### EXTRACTED MATERIAL

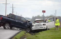 The white vehicle was traveling northbound, and the blue truck was traveling southbound when the accident occurred.
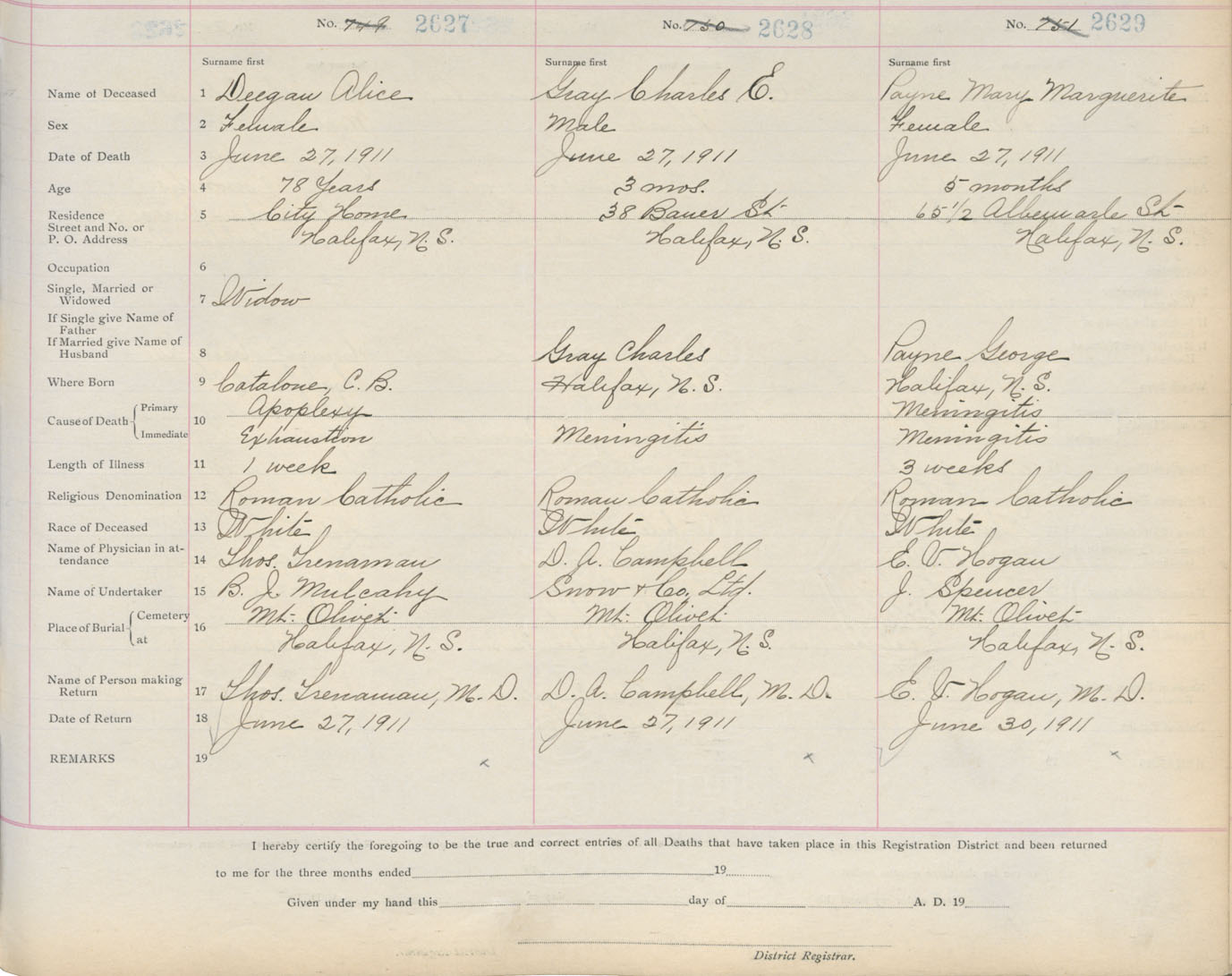 Death Registration: Year: 1911 book: 8 page: 438 number: 2627
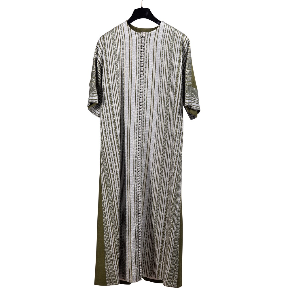 Splendido abito da sera in un pezzo in cotone operato color verde militare. Epoca 1960.
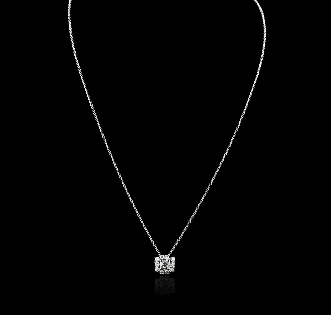 One pendant with chain featuring: 14KT white gold weighing 1.87 grams containing one diamond center stone with a total weight of 0.32ct and ten side diamonds with a total weight of 0.32ct.
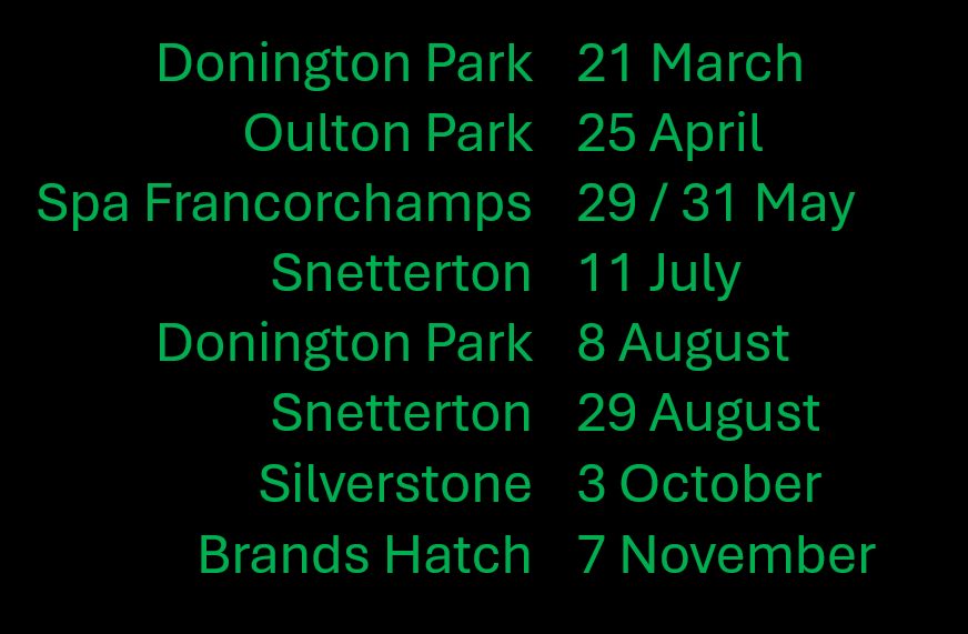 2018 - 2x rounds of British GT, 1x round of Britcar Endurance Championship
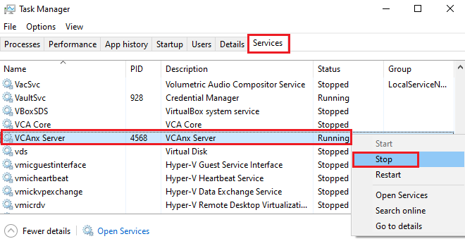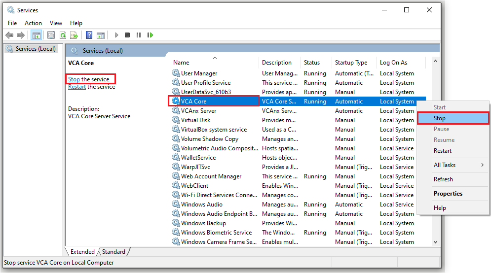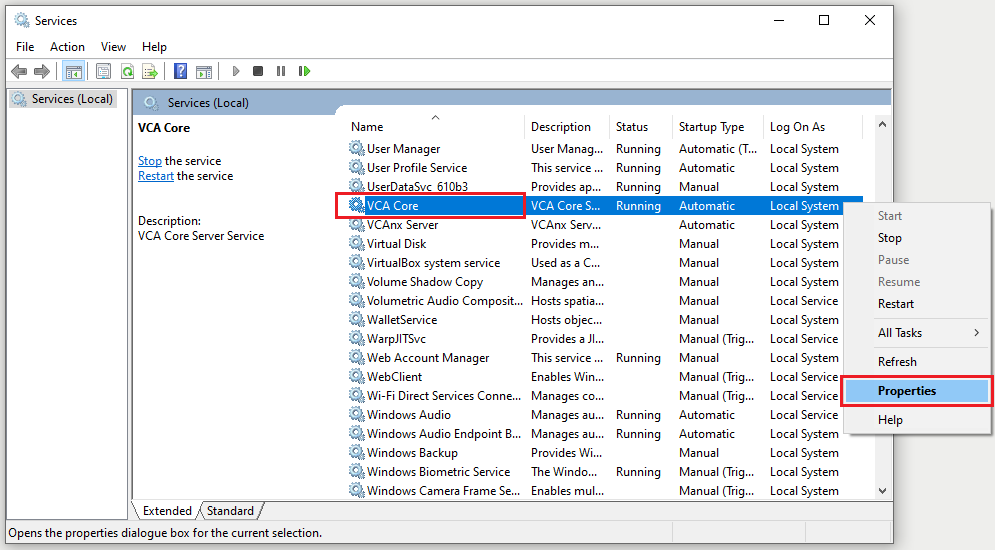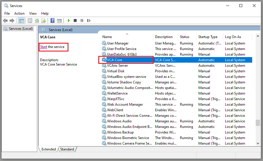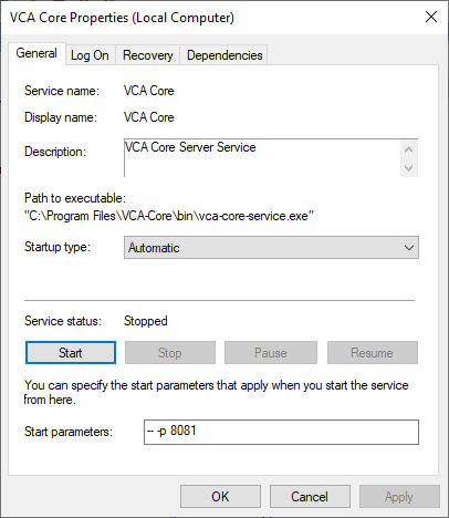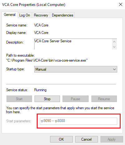 -p 9090 -- -p 8080 where 9090 is the recovery port and 8080 is the web port you want VCAserver to bind to. You can change the last digit on the recovery port, for example -p 9091. Once defined, click the Start button to start the service with these settings.

######

**ASSIGNMENT**: Return every entry from the listing above exactly as it stands, leaving out any picture.

**TASK ANSWER**:
 The white vehicle was traveling northbound, and the blue truck was traveling southbound when the accident occurred.
 Death Registration: Year: 1911 book: 8 page: 438 number: 2627
 Splendido abito da sera in un pezzo in cotone operato color verde militare. Epoca 1960.
 One pendant with chain featuring: 14KT white gold weighing 1.87 grams containing one diamond center stone with a total weight of 0.32ct and ten side diamonds with a total weight of 0.32ct.
 2018 - 2x rounds of British GT, 1x round of Britcar Endurance Championship
 -p 9090 -- -p 8080 where 9090 is the recovery port and 8080 is the web port you want VCAserver to bind to. You can change the last digit on the recovery port, for example -p 9091. Once defined, click the Start button to start the service with these settings.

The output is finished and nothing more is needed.